In the second column of Table 4, different techniques are considered for testing on the UCI datasets. As shown in the third column, the highest correctly classified technique used is J48, with the lowest incorrectly classification specified. However, regarding percentages, J48 is still less effective than our CAP model, which produces 90% true positive and 9% false negative results. As shown in the sixth column, the precision value of the J48 is 0.899, while the accuracy level in the last column is 89.8%. Similarly, if we consider any other technique applied to the UCI datasets shown in Table 4, none can reach the value of 90% accuracy. Therefore, we can deduce that the accuracy of our CAP model is much superior to any other of the latest techniques tested on UCI datasets.

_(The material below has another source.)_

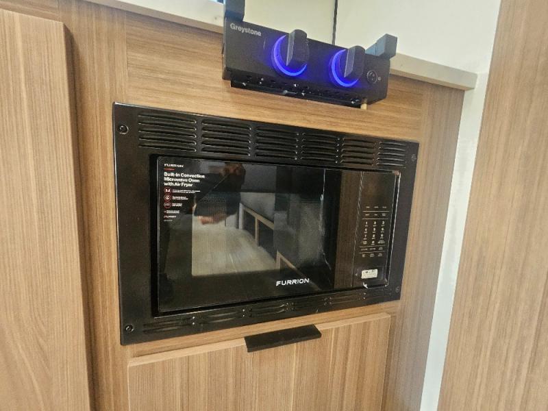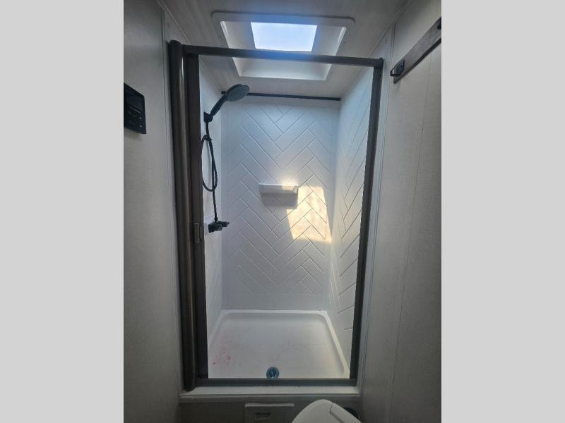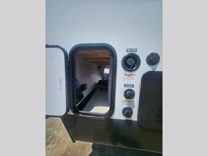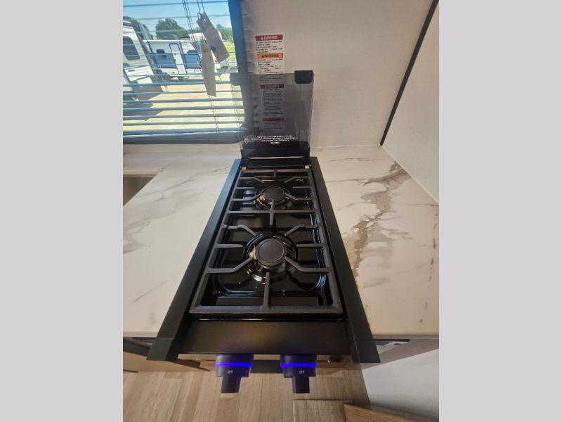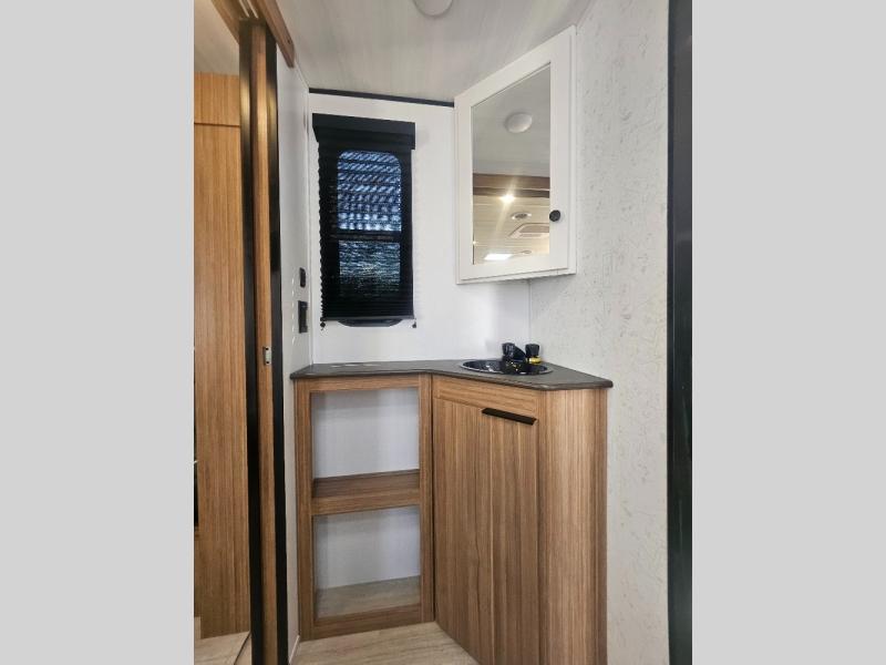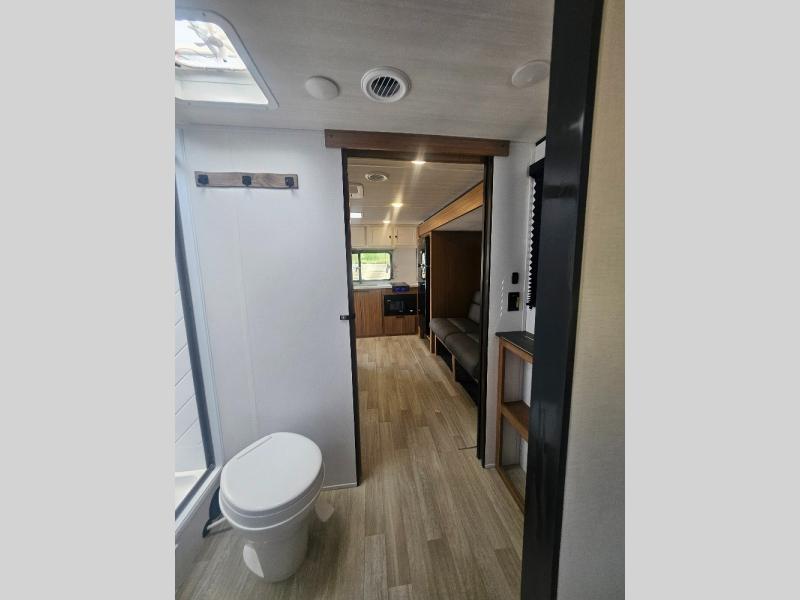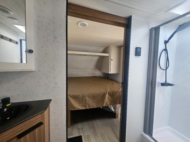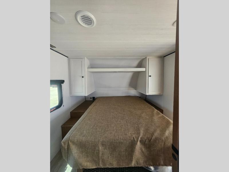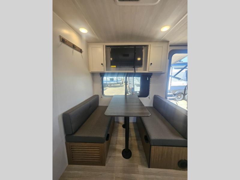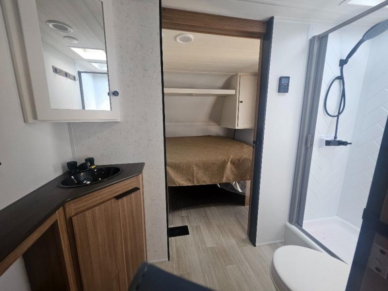 Camping trips in this spacious travel trailer will be trips well spent! With dual entry doors, you can enter in through the front private bedroom or the rear kitchen. Not only will find a walk-around queen bed in the bedroom, but you can also keep your things organized with the dual bedside wardrobes and nightstands. The walk-thru bath leads to the main living area that includes a jack knife sofa slide out and booth dinette. And the chef of your group will love cooking in the rear kitchen with a two burner cooktop, microwave oven, plus a pantry and 12V refrigerator for food storage!

4.4.2. Dataset Taken from Mendeley

Source Phishing web page: Phish Tank, Legitimate web page source: Alexa, Common Crawl.

(1) Dataset Information. In this scenario, the dataset under consideration is extracted from 10,000 websites; 48 features were extracted from 5000 phishing and legitimate websites. The results are shown in Table 5.

As a second test case, different techniques were considered for Mendeley datasets. As seen in the third column of Table 5, J48 shows the highest precision (0.873) and accuracy at 87.31%, yet it is still less than our CAP model. We can conclude that by either changing the datasets or the technique, no method can achieve better than our proposed CAP model.

5. Conclusion

Fake commercial advertisements can play the role of honey pots for phishing attacks, as they behave like original finance and business sector advertisements. As the users follow, the fake websites and log on once, it is enough for the phishing hackers to steal the passwords and transact according to their own wishes and possibly changing login details. Currently, all phishing hackers must pass through some sort of Internet service providers (ISP), for which the administrator is responsible for countermeasures. Techniques such as content filtering, heuristics engines, IP blacklisting, and fingerprinting are currently employed; however, the problem of spamming followed by phishing is not yet contained. Neither of the schemes in the broad classification above focus on smartphone platforms. All the schemes in this work are silent about the digital forensics of the phishing attack. Our scheme successfully identified and maligned all the phishing attack packets in one single solution. The test bed results showed that the CAP model successfully identified and countered phishing attacks on smartphones. The CAP model produces more than 90% accuracy in its detection system, which has been classified as true positive. Similarly, the CAP model also reduces the percentage of the true negative to a single digit, namely, less than 9%. As a future trend, our model can be extended for Edge, FOG, and cloud computing environments as the CAP model is a lightweight scheme that can easily be integrated into such energy deficient computing zones.

Data Availability

The data used to support the findings of this study are included within the article.

Conflicts of Interest

The authors declare that they have no conflicts of interest.